Perlu segera Direspons, Pertumbuhan Ekonomi Bali Kali Kedua Terkoreksi

Perekonomian Bali bertumpu pada sektor jasa tersier atau pariwisata sangat terpukul sebagai dampak dari pandemi covid-19.

Denpasar (bisnisbali.com) –Perekonomian Bali bertumpu pada sektor jasa tersier atau pariwisata sangat terpukul sebagai dampak dari pandemi covid-19. Keadaan ini menyebabkan laju pertumbuhan ekonomi terdegradasi di level minus 1,14 persen (kuartal 1/2020) dan kemudian terkoreksi kembali minus 10 persen lebih di kuartal II/2020.

“BPS Bali mencatat pertumbuhan ekonomi Bali triwulan II/2020 yaitu -10,98% (yoy), jauh lebih rendah dibanding triwulan sebelumnya yang tumbuh -1,14% (yoy).
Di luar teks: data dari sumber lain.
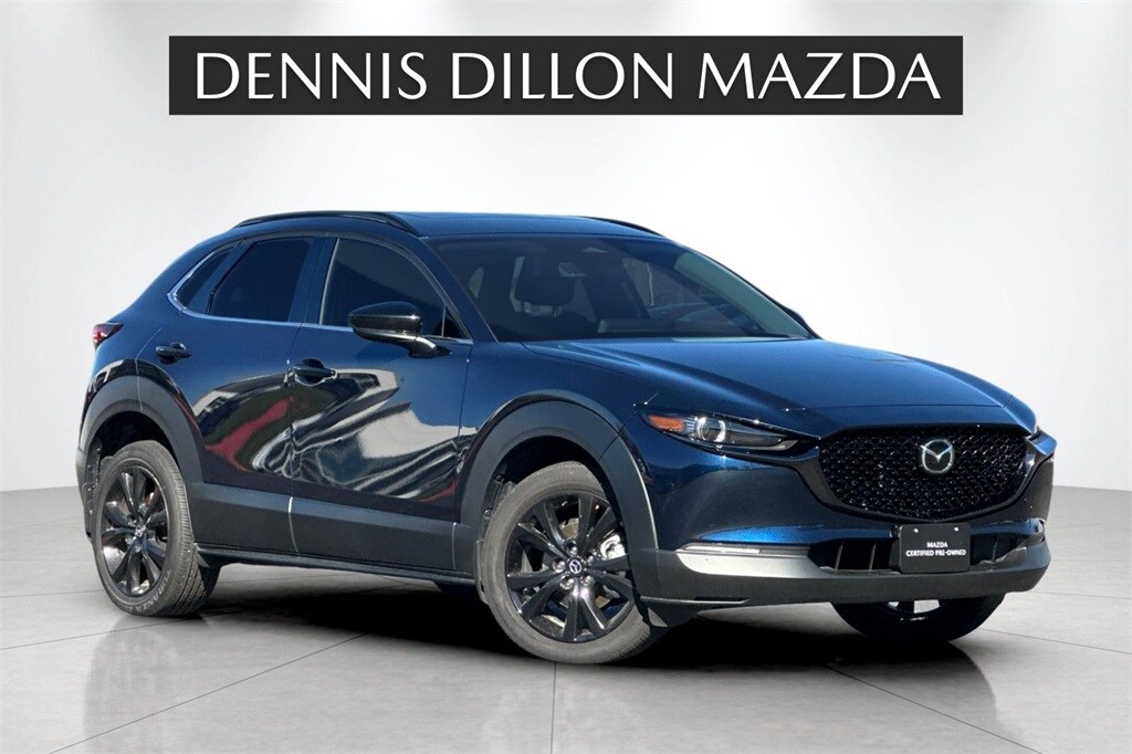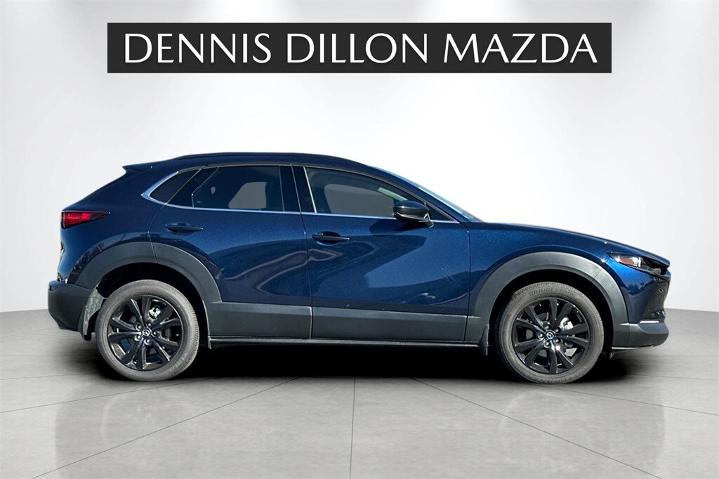 Clean CARFAX. Certified. Deep Crystal Blue Mica 2025 Mazda CX-30 2.5 Turbo Premium Package AWD 6-Speed Automatic 2.5L I4 ///MAZDA CERTIFIED///, 12 Speakers, 4-Wheel Disc Brakes, ABS brakes, Air Conditioning, Alloy wheels, AM/FM radio: SiriusXM, AppLink/Apple CarPlay and Android Auto, Auto High-beam Headlights, Auto-dimming Rear-View mirror, Automatic temperature control, Brake assist, Bumpers: body-color, Compass, Delay-off headlights, Driver door bin, Driver vanity mirror, Dual front impact airbags, Dual front side impact airbags, Electronic Stability Control, Emergency communication system: Mazda Connected Services (3-year trial subscription included), Exterior Parking Camera Rear, Front & Rear Splash Guards, Front anti-roll bar, Front Bucket Seats, Front Center Armrest, Front dual zone A/C, Front reading lights, Front wheel independent suspension, Fully automatic headlights, Heads-Up Display, Heated door mirrors, Heated Front Bucket Seats, Heated front seats, Heated steering wheel, Illuminated entry, Knee airbag, Leather Seat Trim, Leather Shift Knob, Leather steering wheel, Low tire pressure warning, MAZDA CONNECT Infotainment System, Memory seat, Navigation system: MAZDA CONNECT, Occupant sensing airbag, Outside temperature display, Overhead airbag, Overhead console, Panic alarm, Passenger door bin, Passenger vanity mirror, Power door mirrors, Power driver seat, Power Liftgate, Power moonroof, Power steering, Power windows, Radio data system, Radio: AM/FM/HD Audio w/Mazda Online Navigation, Rain sensing wipers, Rear seat center armrest, Rear side impact airbag, Rear window defroster, Rear window wiper, Remote keyless entry, Speed control, Speed-sensing steering, Split folding rear seat, Spoiler, Steering wheel mounted audio controls, Tachometer, Telescoping steering wheel, Tilt steering wheel, Traction control, Trip computer, Turn signal indicator mirrors, Variably intermittent wipers, Wheels: 18" x 7J Aluminum Alloy.

Bila hal ini tidak segera direspons tentu akan menyebabkan terkoreksinya kembali pertumbuhan ekonomi Bali ke depannya,” kata praktisi ekonomi dari UNHI, Putu Krisna Adwitya Sanjaya, S.E., M.Si. di Sanur, Kamis (6/8).
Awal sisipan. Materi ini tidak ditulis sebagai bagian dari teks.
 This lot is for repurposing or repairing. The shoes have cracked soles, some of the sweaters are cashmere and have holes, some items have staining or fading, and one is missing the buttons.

Karena itu, ia mendukung berbagai kebijakan yang sudah diambil dan dilaksanakan oleh pemerintah. Misalnya, untuk menggerakkan perekonomian dengan mulai dibuka kembalinya objek-objek wisata secara 3 tahap. Itu dimulai pada 9 Juli lalu untuk masyarakat lokal. Kemudian tahap kedua pada 31 Juli untak masyarakat domestik dan tahap ketiga rencananya 11 September 2020 untuk wisatawan mancanegara.
“Upaya pemerintah tersebut tentu untuk menggeliatkan kembali gairah kepariwisataan di Bali yang terpuruk akibat pandemi covid 19 ini,” ujarnya.
Diakui Krisna, begitu pariwisata dibuka memang tidak otomatis akan langsung dirasakan dampaknya. Pihaknya memprediksi dampak pembukaan objek wisata kemungkinan baru akan terasa pada kuartal II/2021. Itu pun dengan asumsi normal. Dalam artian tidak lagi muncul kasus positif covid baru yang masif.
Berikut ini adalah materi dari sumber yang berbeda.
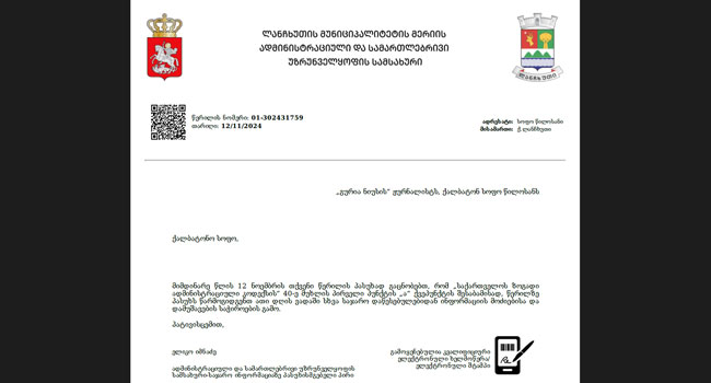 საჯარო ინფორმაციის გამოთხოვიდან მეორე დღეს, 12 ნოემბერს, ლანჩხუთის მერიიდან, კერძოდ კი მუნიციპალიტეტი მერიის ადმინისტრაციული და სამართლებრივი უზრუნველყოფის სამსახურიდან წერილი მივიღეთ, რომელშიც ნათქვამია: “მიმდინარე წლის 12 ნოემბრის თქვენი წერილის პასუხად გაცნობებთ, რომ “საქართველოს ზოგადი ადმინისტრაციული კოდექსის 40-ე მუხლის პირველი პუნქტის “ა” ქვეპუნქტის შესაბამისად, წერილზე პასუხს წარმოგიდგენთ 10 დღის ვადაში სხვა საჯარო დაწესებულებიდან ინფორმაციის მოძიების და დამუშავების საჭიროებების გამო“.

“Walupun sektor pariwisata sudah mulai dibuka secara bertahap masyarakat harus tetap menjalankan protokol kesehatan dengan ketat dan bijak, mengingat sampai saat ini vaksin covid masih dilakukan pengujian klinis. Jadi protokol kesehatan harus tetap dikedepankan untuk memitigasi munculnya kasus baru,” paparnya.
Perlu disadari, protokol kesehatan merupakan hal mutlak yang harus tetap dilakukan karena pariwisata ini adalah industri bisnis kepercayaan. Sepanjang pelaku usaha, pemerintah, masyarakat komit dan disipilin menerapkan protokol kesehatan ini. Krisna meyakini ini akan memunculkan kepercayaan bagi stakeholder terkait dengan industri pariwisata itu sendiri.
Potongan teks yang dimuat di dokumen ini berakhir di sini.